1. Is Reconsideration Warranted? “A claim that has been allowed or disallowed may be reconsidered

for cause. A reconsidered claim may be allowed or disallowed according to the equities of the case.” § 502(j). To decide whether “cause” exists, the court should consider:

(1) whether granting the delay will prejudice the debtor or other creditors; (2) the length of the delay and its impact on efficient court administration; (3) whether the delay was beyond the reasonable control of the person whose duty it was to perform; (4) whether the creditor acted in good faith; (5) whether clients should be penalized for their counsel's mistake or neglect; and (6) whether the claimant has a meritorious claim.

Sentry Fin. Serv. Corp. v. Pitrat (In re Res. Reclamation Corp.), 34 B.R. 771, 773- 74 (B.A.P. 9th Cir. 1983). Cause exists under § 502(j) if the standard of either rule 9023 or 9024 is met, but cause may exist even if those rules are not satisfied. Cassell v. Shawsville Farm Supply, Inc., 208 B.R. 380 (W.D. Va. 1996) (holding that the “excusable neglect” standard is more stringent than “cause”).

Considering these factors and giving each of them appropriate weight, cause exists to reconsider the disallowance of LVNV’s claim.

(1) Delaying the ultimate decision of LVNV’s claim will not prejudice any party. The delay will not make it more difficult to evaluate LVNV’s

claim on the merits. Of course, the debtors would be worse off if the court reconsiders the claim, but depriving a party of a victory by default is not “prejudice.”

(2) The delay was brief.

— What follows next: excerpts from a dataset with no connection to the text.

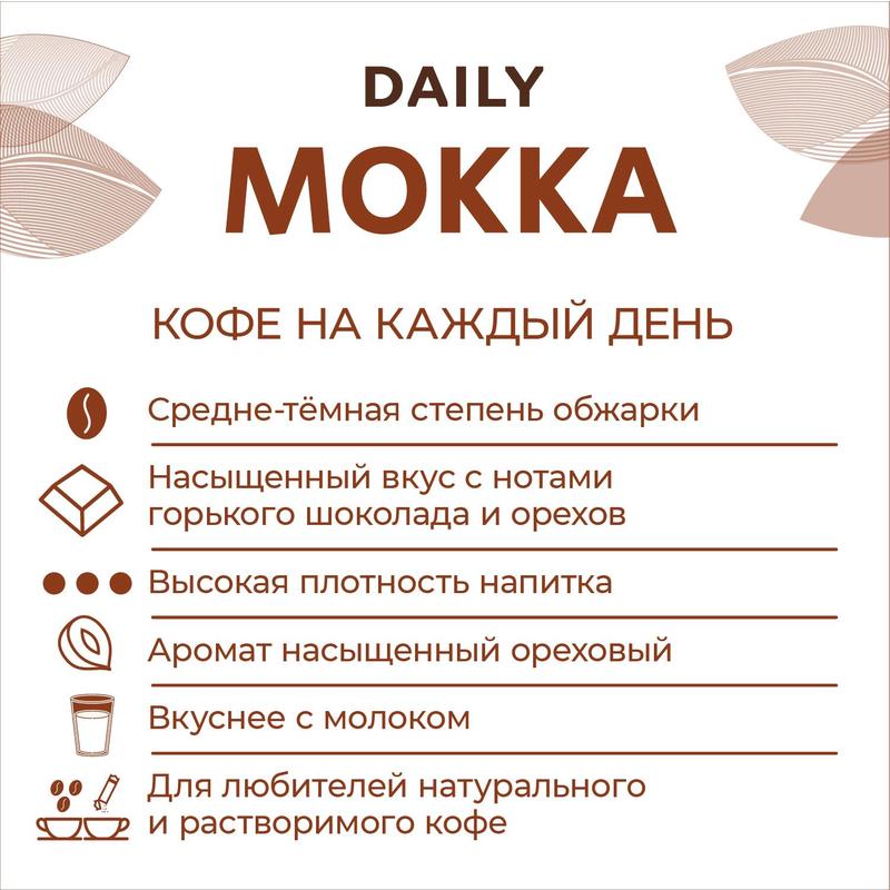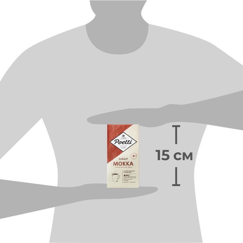 Poetti Daily — это линейка натурального кофе высокого качества на каждый день. Эксперты с многолетним опытом в обжарке кофе и профессиональные бариста разработали бленды, чтобы кофе радовал Вас вкусом и заряжал энергией!Бленд Daily Mokka — это купаж арабики и премиальной робусты средне-темной степени обжарки с насыщенным вкусом и ярким ореховым ароматом. Напиток высокой плотности с нотами горького шоколада и орехов идеально раскрывается при добавлении молока. Степень помола: средняя. Способ приготовления: в чашке, френч-прессе, автоматической кофемашине и гейзерной кофеварке.Чашка Poetti Daily Mokka — насыщенный вкус для бодрого и продуктивного дня!Вес: 250 г. Тип упаковки: вакуумный пакет. Хранить при температуре не выше 27°C и влажности воздуха не более 75%. Страна производства: Россия.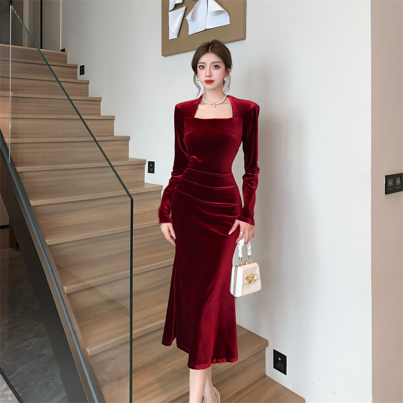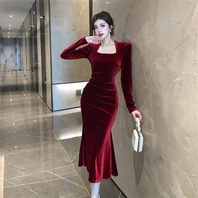 FA47395# 名媛风长裙方领丝绒纯色长袖简约打底鱼尾连衣裙 服裝批發女裝批發服飾貨源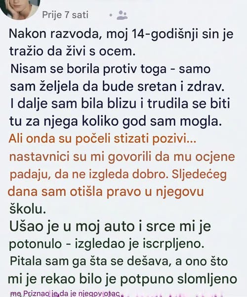 Kada je moj sin, Marko, odlučio da nakon razvoda živi kod svog oca, trudila sam se da poštujem njegov izbor. Verovala sam da će mu promena prijati i da će mu pružiti bliskost koju je dugo želeo. U početku je sve izgledalo savršeno – slali su mi smešne fotografije, video-snimke i poruke pune šale.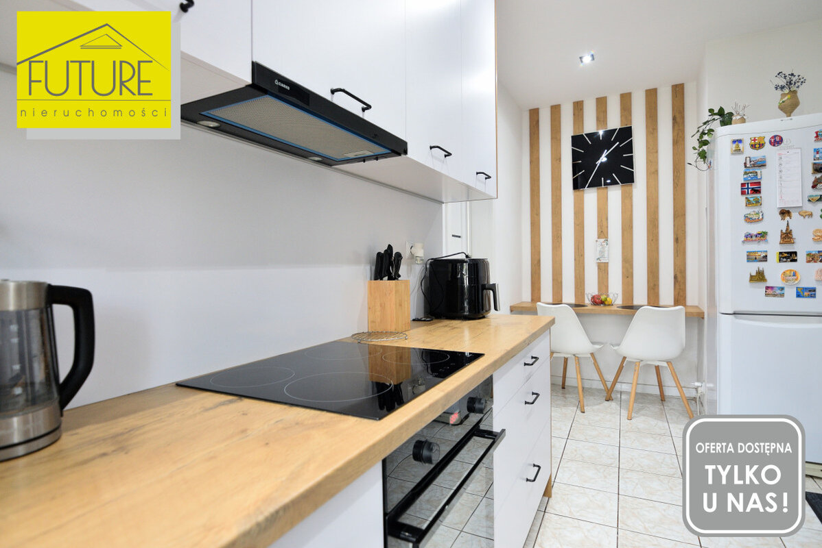 W cenie pozostaje zabudowa kuchni wraz z wyposażeniem (płyta indukcyjna, piekarnik elektryczny, okap, lodówka) wyposażenie łazienki (szafki, pralka) oraz szafa z małego pokoju - pozostałe meble do uzgodnienia.

LVNV filed its motion for reconsideration only 25 days after it should have filed its response to the Kapelielas’ claim

objection. (3) LVNV has not explained why its counsel failed to file a timely

response and has offered no evidence that the failure was excusable. Therefore, the third factor weighs against LVNV’s motion.

(4) There is no indication that LVNV manipulated the situation or used the delay to its benefit. Therefore, LVNV probably acted in good faith.

(5) LVNV’s counsel forthrightly admits that the failure to file a timely response was their fault. There is no reason to punish LVNV for an error

that prejudiced no one. (6) As is explained in the next section, LVNV has a meritorious claim.

If LVNV had timely responded to the claim objection, the court would have overruled it.

2. Should the Court Disallow the Claim? To have an “allowed” claim against a bankruptcy estate (i.e., a claim that will share in any distribution of estate assets), the creditor must

generally file a proof of claim. § 502(a). The proof of claim is “a written statement setting forth a creditor’s claim. A proof of claim shall conform

substantially to the appropriate Official Form.” Rule 3001(a). The official forms are simple documents, requiring the creditor to check boxes, fill in

blanks, and affix a signature. In some situations, the creditor must attach additional information to

the proof of claim. If a claim “is based on a writing, a copy of the writing shall be filed with the proof of claim.” Rule 3001(c)(1).

This requirement does not apply if the claim is based on an open-end or revolving consumer credit agreement that is not secured by real

property. For such a claim, the claimant must file with the proof of claim a statement that includes (if applicable):

(i) the name of the entity from whom the creditor purchased the account; (ii) the name of the entity to whom the debt was owed at the time of an account holder’s last transaction on the account; (iii) the date of an account holder’s last transaction; (iv) the date of the last payment on the account; and (v) the date on which the account was charged to profit and loss. Rule 3001(c)(3)(A). Such a claimant need not file with the proof of claim a copy of the writing on which the claim is based but must provide a copy of

the writing on request. Rule 3001(c)(3)(B).